Failed to execute op conv3dnew in M2

Hi there, I tried to build DL4J in a Linux OS, with gcc7.0, I saw the following error message. I think I may have some incompatibility issues but couldn’t figure that out. Does anyone have idea that how to fix this? Thanks.

14:07:23 2022-08-22 19:07:15 ERROR org.nd4j.linalg.cpu.nativecpu.ops.NativeOpExecutioner:1959 - Failed to execute op conv3dnew. Attempted to execute with 3 inputs, 1 outputs, 0 targs,0 bargs and 14 iargs. Inputs: [(FLOAT,[1,128,128,128,48],c), (FLOAT,[3,3,3,48,16],c), (FLOAT,[1,16],f)]. Outputs: [(FLOAT,[1,128,128,128,16],c)]. tArgs: -. iArgs: [3, 3, 3, 1, 1, 1, 1, 1, 1, 1, 1, 1, 1, 1]. bArgs: -. Op own name: “bebf562e-71d1-459c-bd27-7f6baeafa585” - Please see above message (printed out from c++) for a possible cause of error.

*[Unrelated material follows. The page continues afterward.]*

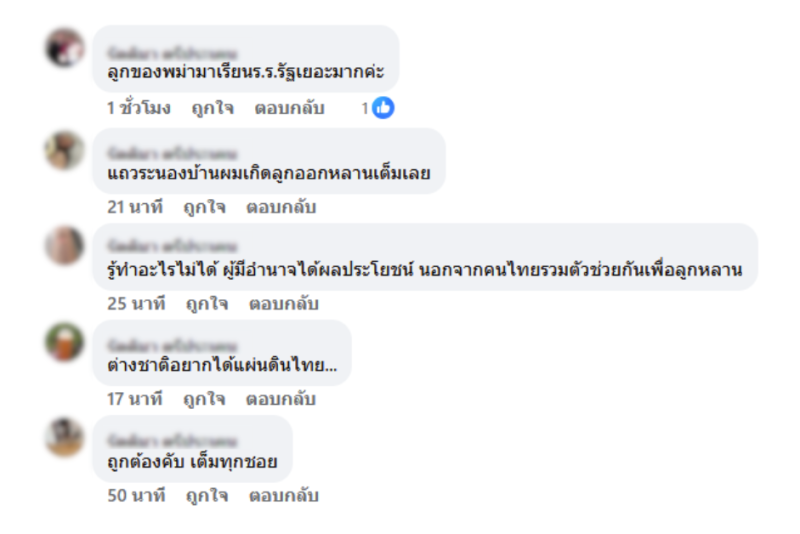 นอกจากนี้ยังมีคนที่เข้ามาแชร์ประสบการณ์ว่า ลูกของพม่ามาเรียน รร.รัฐเยอะมากค่ะ แถวระนองบ้านผมเกิดลูกออกหลานเต็มเลย รู้ทำอะไรไม่ได้ ผู้มีอำนาจได้ผลประโยชน์ นอกจากคนไทยรวมตัวช่วยกันเพื่อลูกหลาน บางคนก็บอกว่า ต่างชาติอยากได้แผ่นดินไทย รวมถึงมีคนเห็นด้วยโดยระบุว่า ถูกต้องครับ เต็มทุกชอย

14:07:23 java.lang.RuntimeException: Op [conv3dnew] execution failed 14:07:23 at org.nd4j.linalg.cpu.nativecpu.ops.NativeOpExecutioner.exec(NativeOpExecutioner.java:1561) 14:07:23 at org.deeplearning4j.nn.layers.convolution.Convolution3DLayer.preOutput(Convolution3DLayer.java:275) 14:07:23 at org.deeplearning4j.nn.layers.convolution.ConvolutionLayer.activate(ConvolutionLayer.java:509) 14:07:23 at org.deeplearning4j.nn.graph.vertex.impl.LayerVertex.doForward(LayerVertex.java:110) 14:07:23 at org.deeplearning4j.nn.graph.ComputationGraph.outputOfLayersDetached(ComputationGraph.java:2442) 14:07:23 at org.deeplearning4j.nn.graph.ComputationGraph.output(ComputationGraph.java:1744) 14:07:23 at org.deeplearning4j.nn.graph.ComputationGraph.output(ComputationGraph.java:1700) 14:07:23 at org.deeplearning4j.nn.graph.ComputationGraph.output(ComputationGraph.java:1630) 1

pom.xml
<dl4j.version>1.0.0-M2</dl4j.version>

org.deeplearning4j deeplearning4j-core ${dl4j.version} org.datavec datavec-data-image org.nd4j nd4j-native-platform ${dl4j.version} org.datavec datavec-api ${dl4j.version} org.nd4j nd4j-native ${dl4j.version} linux-x86_64-compat

Can you also share a few of the lines above that error? Usually it does tell you what is wrong.

Hi Treo,

Ah I think my work node does not have enough memory to build and run, I ran it at another instance with large memory then it went through.

I found it requires ~10GB memory to allocate all necessary parameters, is it true or I may misconfigure something else?

Thanks.

That may happen if you have particularly large inputs, large batch sizes, or a big model.

Don’t forget that you need memory to not only hold your parameters, but also all intermediary state, like the results of operations that will receive parameter updates through back-propagation, as well as the updater state.

The updater state for the Adam optimizer will take about 3 times as much memory as your parameters alone. And depending on the model configuration and input size, that too will be dwarfed by the intermediary state that needs to be retained to calculate the gradient for your model.

1 Like

Thank you for your quick reply. I will double-check the size.